When Hope is Lost

“There comes a point where it all becomes too much. When we get too tired to fight anymore so we give up. That’s when the real work begins. To find hope where there seems to be absolutely none at all.”
~Grey’s Anatomy 

  
I know I have not been super active on this blog lately, and it isn’t because I have not thought about it. I still check WordPress daily and read everyone’s blogs, and keep up with the world. I just have been at a loss for what to say, so I have avoided posting or commenting. In fact, I have not even replied to the comments on my most recent post (over three weeks ago). That is something that I never do, but in truth, I just can’t find the words. 

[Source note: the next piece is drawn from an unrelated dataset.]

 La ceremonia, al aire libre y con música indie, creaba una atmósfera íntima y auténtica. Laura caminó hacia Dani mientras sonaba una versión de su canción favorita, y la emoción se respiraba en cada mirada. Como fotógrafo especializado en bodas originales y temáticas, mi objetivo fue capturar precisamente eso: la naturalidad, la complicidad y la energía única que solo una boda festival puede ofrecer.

Even now, writing this is proving to be a bit of a struggle. I have updates. I have plenty of things I could write about…but the tricky part is that I can’t seem to articulate my thoughts right now. 

I will post a proper update soon, but for now I will give you the abridged version. 

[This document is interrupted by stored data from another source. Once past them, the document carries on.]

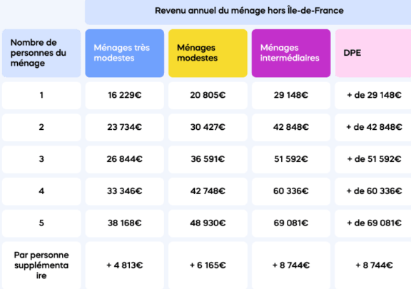 Afin de déterminer à quelle catégorie appartient un ménage, plusieurs niveaux de revenus sont définis : très modestes, modestes, intermédiaires et élevés. Ces catégories permettent d’identifier le montant des aides disponibles.
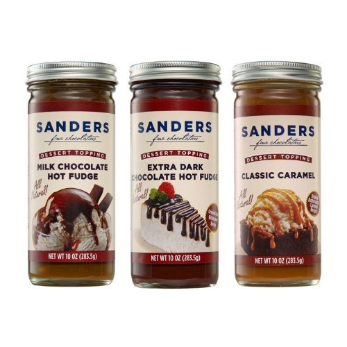 -. Binding : Misc. -. Brand : Sanders® -. EAN : 0035903401647 -. Feature : Sanders Assortment Milk Chocolate Hot Fudge, Classic Caramel and Extra Dark Chocolate Hot Fudge Dessert Topping 10 Oz (Pack of 3) / The original, award winning "hot fudge" is a real crowd-pleaser. / Creamy caramel with a hint of butterscotch. Perfect on Apple Pie or as an Apple dip. / Extra Dark Chocolate Hot Fudge ~ Rich, dark fudge with a strong cocoa flavor. / Certified Gluten Free and All Natural -. IsAdultProduct : 0 -. Label : Sanders -. Manufacturer : Sanders -. PackageQuantity : 3 -. ProductGroup : Grocery -. ProductTypeName : GROCERY -. Publisher : Sanders -. Studio : Sanders -. Title : Sanders Assortment Milk Chocolate Hot Fudge, Classic Caramel and Extra Dark Chocolate Hot Fudge Dessert Topping 10 Oz (Pack of 3) -. UPC : 035903401647
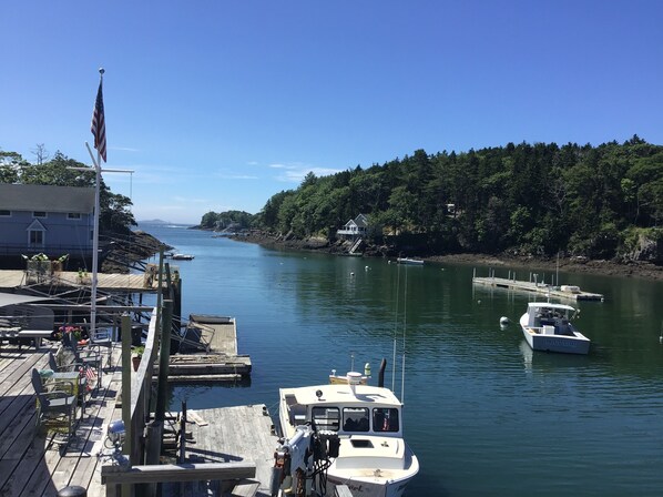 Dockside Cottage at Little River Wharf offers a charming setting where you can watch lobstermen and boaters access the harbor. With amenities like flowers by the bed, coffee, tea, fresh muffins, outside dining space and WiFi to stay connected.
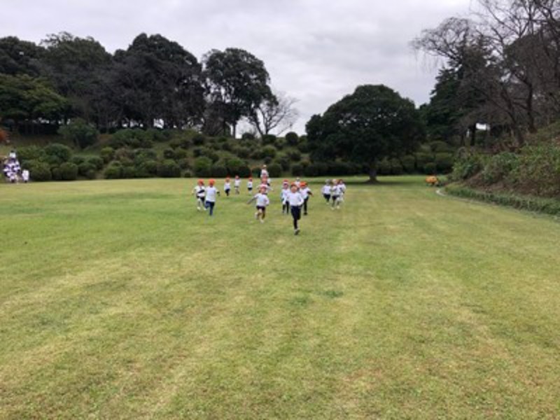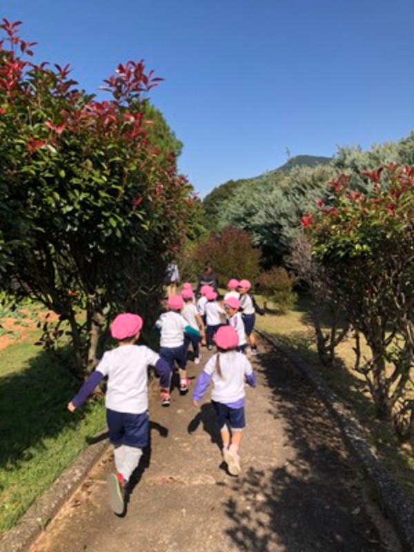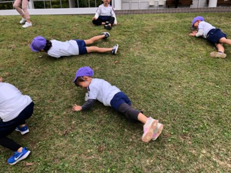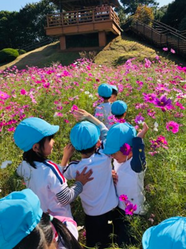 その後は、秋風に揺れるコスモスのトンネルをくぐり、足元に転がるどんぐりを拾い集め、斜面を笑い声とともにコロコロ転がって…。自然の中で過ごすひとときは、まるで季節そのものが遊び場になったようでした。

I’ve had a hard time finding hope after our last failed IUI. Despite being super excited about our upcoming trip to Europe (and various other travel plans), I can’t wrap my brain how to act now that I have given up. 

When I went in for my ultrasound on Monday, I went in with no joy or expectation. Once I heard the news about how my follicles were progressing during that ultrasound, I could find no excitement. When I went in for our fifth IUI on Thursday, I did so with zero belief that we will actually get pregnant this cycle. 

And so I think that’s why I’ve avoided making a post. I have no idea what to say, because I have no hope. I’m tired, and I’m angry, and I really really sad…but I’m not hopeful at all. 

So now we wait…but I’m not even sure what I’m waiting for. 

I’ll be traveling next week, which will hopefully keep my mind of things. I will try to find some time to share photos and stories from our adventure, so that I can bring a bit of happiness back to this blog. 

Until then, thanks for being here. 

~Sam 

Hope Rises on a New Year

“And now we welcome the new year. Full of things that have never been.” 

~Rainer Maria Rilke 

 
The Holiday Season has officially come to a close, and I couldn’t be more grateful. Don’t get me wrong, I usually love this time year, and I still do. I had a wonderful Thanksgiving  with my family; an intimate Christmas at home with my husband; and a New Year’s Eve and New Year’s Day   filled with so many of our friends. 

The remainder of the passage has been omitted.